Although some researchers have reported further improvements to the Delany and Bazley model [33,34], their original expressions are widely used in most practical cases. Since each material has its own microstructure, the eight coefficients in Equations (1) and (2) should be unique to each type of porous material. In addition, Attenborough [35] has pointed out that empirical relationships of the form of Equations (1) and (2) should be valid for fibrous porous materials as well as non-fibrous ones. Therefore, the Delany and Bazley model has been successfully applied to different sound-absorbing materials [36,37,38], including those made of natural fibers [39,40]. One such study was recently presented by Berardi and Iannace [32]. They determined the eight best-fit coefficients in Equations (1) and (2) for samples of nine natural fibers. For the calculations, they used an inverse method based on minimization of the errors between the measured and predicted values [13,38].
In this work, the sound-absorption properties of raw esparto grass fiber are examined as an environmentally friendly material. Sound-absorption coefficients and airflow resistivities are measured for three different types of esparto from different countries. Using these results, the best-fit coefficients for reasonable prediction of the sound-absorption performance by means of simple empirical formulae are reported. Although some authors have recently explored the inclusion of esparto in biocomposites [41] and reported measurements of its sound-absorbing performance [42], to the best of the authors’ knowledge, a sound absorption empirical prediction model for this kind of fiber has not been previously presented.

2. Materials and Methods

Esparto, also known as alfa grass, comes from two different species of perennial grasses scientifically known as Stipa tenacissima and Lygeum spartum.
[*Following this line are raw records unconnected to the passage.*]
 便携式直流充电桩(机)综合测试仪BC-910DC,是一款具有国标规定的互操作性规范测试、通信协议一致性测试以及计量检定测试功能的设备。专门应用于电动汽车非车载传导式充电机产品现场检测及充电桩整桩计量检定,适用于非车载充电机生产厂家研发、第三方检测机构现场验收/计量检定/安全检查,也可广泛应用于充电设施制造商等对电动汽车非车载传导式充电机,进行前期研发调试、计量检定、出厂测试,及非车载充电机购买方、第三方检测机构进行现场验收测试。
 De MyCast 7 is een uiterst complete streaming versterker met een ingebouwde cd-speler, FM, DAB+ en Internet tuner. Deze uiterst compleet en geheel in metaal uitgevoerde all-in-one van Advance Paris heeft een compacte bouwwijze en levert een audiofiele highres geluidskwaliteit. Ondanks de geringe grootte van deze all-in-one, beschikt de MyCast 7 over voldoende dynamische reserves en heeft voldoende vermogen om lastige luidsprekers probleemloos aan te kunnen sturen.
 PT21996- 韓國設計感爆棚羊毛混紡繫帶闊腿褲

Esparto grass is a gramineous plant endemic to the Western Mediterranean and is also grown in the northern areas of North African countries. Esparto plants require small amounts of water and virtually no chemicals during their growth [43]. Therefore, their production involves a low carbon footprint and no chlorofluorocarbon (CFC) emissions. Although esparto’s use as a building material has not been widely explored, its strong raw fibers have been used for centuries, mainly in the manufacture of ropes, mats, baskets, and decorative elements. Esparto is also commercially cultivated for industrial paper pulp production [44]. Esparto fibers are short and wide at the basal level and longer and thinner above the leaf [45]. After manual removal of their blades, the esparto leaves are left to dry in the sun. The resulting material is then combed to produce what is called raw esparto. Subsequent processing may include soaking in distilled water pools for two to four weeks to make the fiber more resistant and to facilitate its crushing and weaving.
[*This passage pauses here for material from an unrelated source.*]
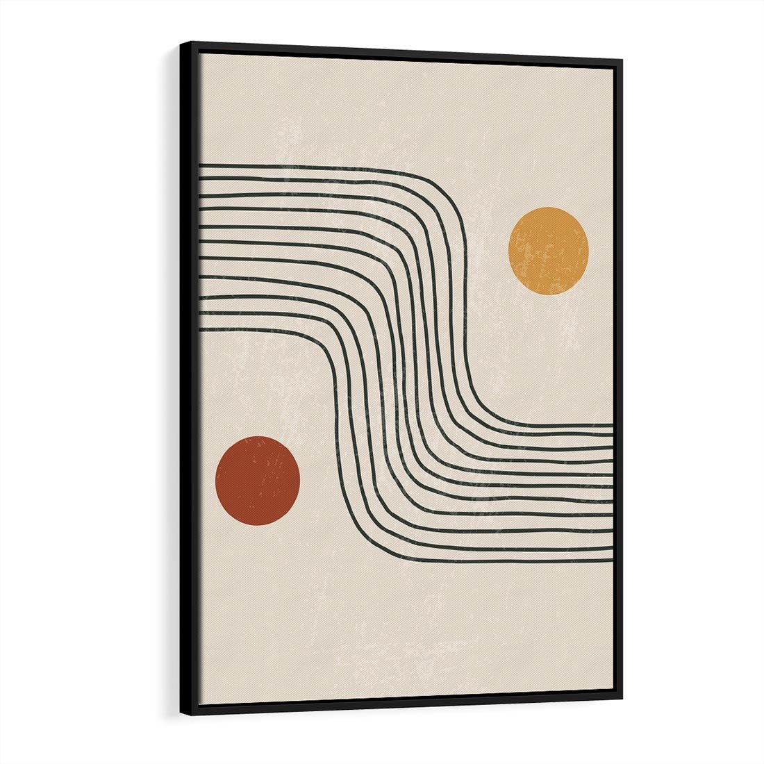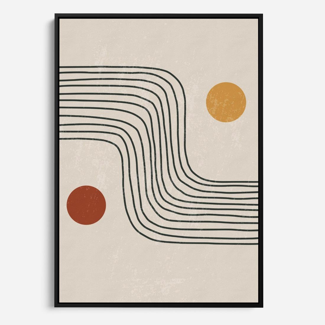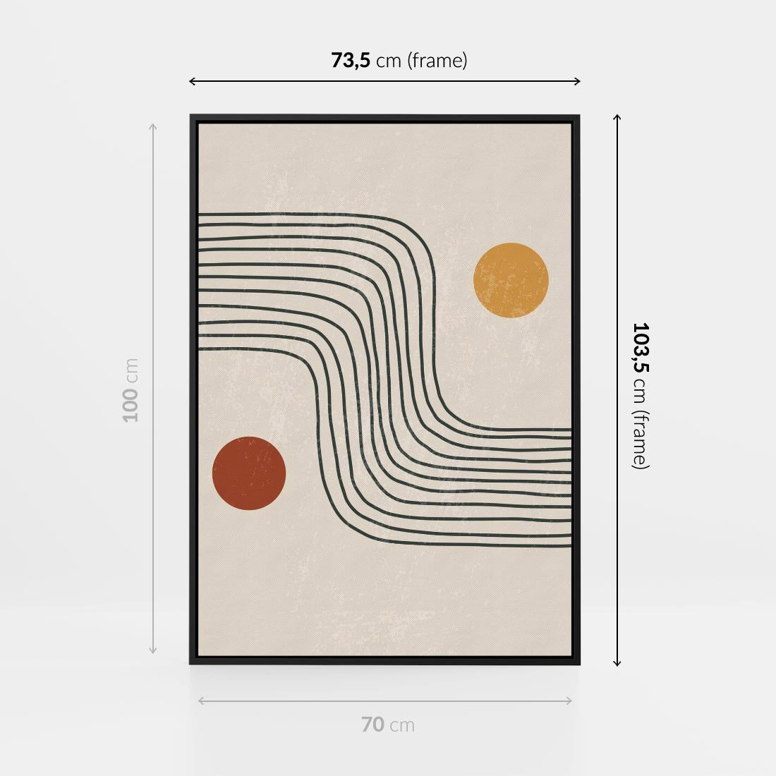 Nasza abstrakcyjna sztuka łączy boho kształty z minimalizmem, idealnie pasującymi do nowoczesnych wnętrz. To twórcze połączenie wprowadza do Twojej przestrzeni zarówno artystyczną ekspresję, jak i spokojną harmonię, tworząc wyjątkowy i unikalny wygląd.

Three different types of pure, raw, dry esparto were obtained from an industrial supplier (Espartos Albarracin S.L., Murcia, Spain). The types of esparto were labeled as Type 1 (originating from Pakistan), Type 2 (originating from Tunisia), and Type 3 (originating from Egypt). The material was handled as received, and no chemicals or binders were added. Since the fibers of Type 1 were thicker than those of the other types and exhibited visible inner channels, they were cut to fixed lengths and packed in a cylindrical sample of a diameter of 40 mm so that samples could be arranged with channels parallel to the tube impedance axis. This arrangement is similar to that used previously to test cardboard samples [8,32]. The samples were weighted to estimate their mean density. Esparto samples of Types 2 and 3 were cold compressed by a mechanical press into a mold to produce equivalent cylindrical samples. The pressing force was varied to produce samples of approximately equal nominal length to that of Type 1. For each type of esparto, nominal lengths of 30, 50, 70, and 90 mm were considered in the experiments. Extreme care was taken to ensure that the volume was filled homogeneously so as to minimize the effects of air cavities in the back of the samples. Figure 1 shows photographs of representative samples of each material. Figure 2 shows enlarged photographs to display some of the features of each esparto fiber. We note the high inhomogeneity of the fibrous material, which is usual in most natural materials.
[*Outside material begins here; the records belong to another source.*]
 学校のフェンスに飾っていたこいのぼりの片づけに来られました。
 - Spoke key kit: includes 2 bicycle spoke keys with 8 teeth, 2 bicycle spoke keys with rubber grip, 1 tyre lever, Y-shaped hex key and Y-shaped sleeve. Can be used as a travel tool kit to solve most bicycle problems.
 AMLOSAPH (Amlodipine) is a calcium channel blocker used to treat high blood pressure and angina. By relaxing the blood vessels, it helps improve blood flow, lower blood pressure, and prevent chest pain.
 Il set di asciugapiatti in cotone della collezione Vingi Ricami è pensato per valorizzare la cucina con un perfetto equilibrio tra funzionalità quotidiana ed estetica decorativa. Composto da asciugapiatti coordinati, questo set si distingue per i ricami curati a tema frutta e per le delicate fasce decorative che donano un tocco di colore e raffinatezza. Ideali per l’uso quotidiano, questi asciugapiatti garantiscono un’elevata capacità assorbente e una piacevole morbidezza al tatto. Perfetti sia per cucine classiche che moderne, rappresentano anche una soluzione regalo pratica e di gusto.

The normal-incidence sound-absorption coefficient of each sample was experimentally obtained using the transfer-function method in an impedance tube designed to follow the ISO 10534-2 standard [46]. The impedance tube had a wall thickness of 5 mm, an inner diameter of 40 mm, and a length of 1.35 m. Two ½-inch laboratory-grade microphones (Bruel & Kjaer 4189), connected to their respective preamplifiers (Bruel & Kjaer ZC0032), were mounted flush with the tube walls. The distances between the microphones were selected so as to allow a valid measurement in the frequency range 200 to 3150 Hz. One extreme of the tube was closed with a loudspeaker (Beyma CP800TI), and the opposite end was closed with a sample holder with a rigid termination. The microphone signals were processed in real time by an FFT signal analyzer (Bruel & Kjaer Pulse C3560-C), which also provided a broadband random signal as input to the loudspeaker. The measurement system was controlled by a notebook.
Since we were interested in characterizing only the effects of the raw fiber material, no air space was used behind the samples. The samples were also carefully sealed to avoid gaps between the sample and the tube walls. The microphones were previously calibrated with an acoustic calibrator (Bruel & Kjaer 4231), and each measurement was repeated with the position of the microphones inverted so as to correct the measurement errors caused by their phase mismatch.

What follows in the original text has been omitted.